А они молодцы! За эти полтора года они, все одиннадцать, научились сидеть, свободно работали руками, даже мастерили фигурки-оригами, и могли сами себя обслуживать, разъезжая по лаборатории в небольших инвалидных креслах. Руководство осознало выгоду от такой перемены: теперь «оборудованию» не требовался постоянный уход, а дать инвалидные кресла намного дешевле, чем оплачивать работу нескольких медсестёр. Особенно когда за эти кресла дети уже расплатились десятком крупных изобретений. Но покидать лабораторию им запрещали, а вот Лёшка, хотя и являлся «экспериментальным образцом», пользовался относительной свободой и наслаждался ночёвками в парке.
И сейчас Лена собиралась как раз на такую прогулку-ночёвку. Лев Борисович почему-то настаивал, чтобы она всегда ходила с ними, наверное, хотел хотя бы так развеселить её.

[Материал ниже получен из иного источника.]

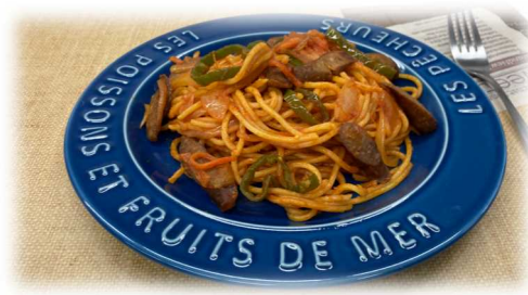
イタリアンジビエスパゲッティ

В парке уже стояли лёгкие сумерки — август всё-таки, да и небо на западе подёрнулось полупрозрачной дымкой.
— Ну вот, все в сборе. — Лев Борисович оглядел своих спутников. Лёшка, которому психологически исполнилось пятнадцать лет, смотрел исподлобья: видать, опять из-за чего-то поцапался с отцом, но пропускать прогулку не хотел. Лена улыбнулась учёному, делая вид, что чувствует себя прекрасно, и очень надеялась, что он не заметит её усталости. Незачем расстраивать того, кто за эти два года стал ей отцом.

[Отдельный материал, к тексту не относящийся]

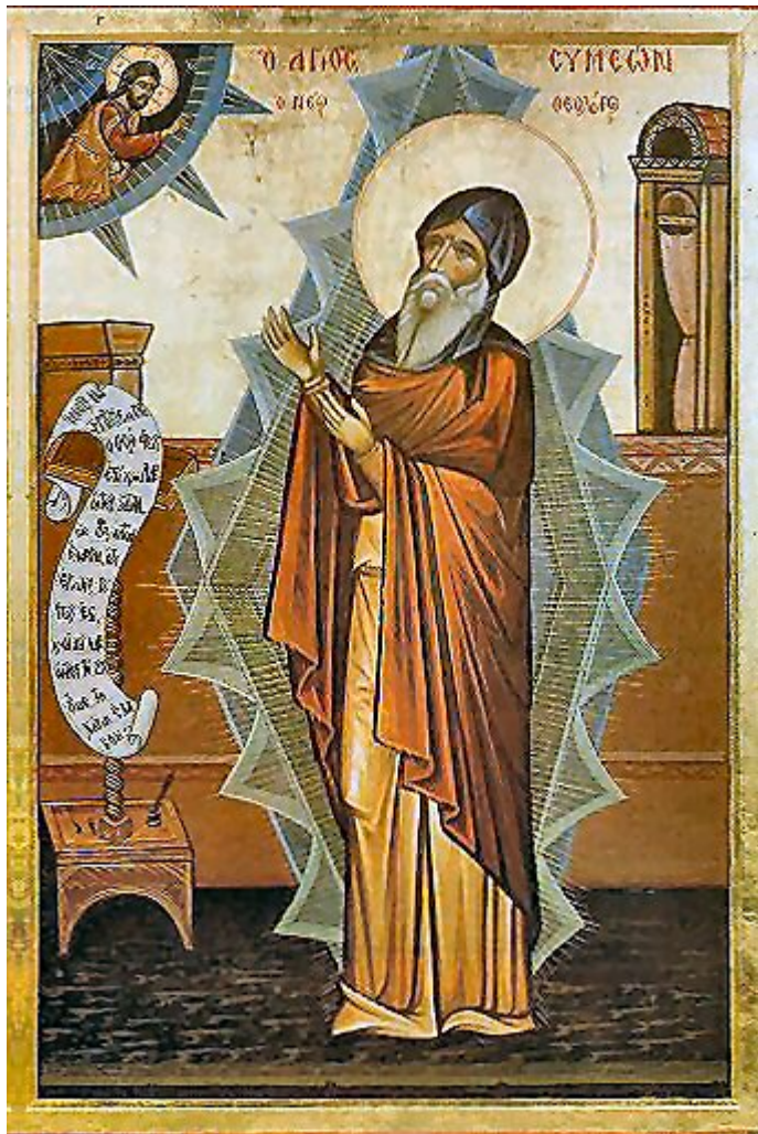
Όσιος Συμεών ο Νέος Θεολόγος

Εορτάζει στις 12 Οκτωβρίου εκάστου έτους.

— Пойдём! — Лёшка первым шагнул к тропинке в лес. — Чего телепаетесь?!
— Идём, не гони. — Лев Борисович поправил лямки небольшого рюкзака. — Лена, тебе помочь?
— Нет, всё отлично. — Девушка подпрыгнула, показывая, что её рюкзачок почти пуст. — Куда сегодня пойдём?
— Вон туда, к ручью, — махнул рукой учёный. — Лёш, не спеши, до темноты ещё далеко. Лучше посмотри, какая красота кругом!
Лёшка только презрительно пфыкнул, что, учитывая его баритон, звучало очень забавно.
Примерно через час петляния по тропинкам лесопарка они вышли на небольшую полянку у ручья.
— Устраиваемся! — Лев Борисович скинул рюкзак, кивнул сыну:
— Ты за дровами, они должны быть в той стороне, там по весне подрост вычищали, не всё ещё вывезли. Лена, готовь ужин.
Девушка споро мастерила бутерброды, наслаждаясь лесным воздухом и шелестом листвы, учёный же что-то выискивал в своём рюкзаке. Наконец он разогнулся:
— Ну вот, можно отдыхать. Пойду, помогу Лёшке, он с топором ещё плохо справляется.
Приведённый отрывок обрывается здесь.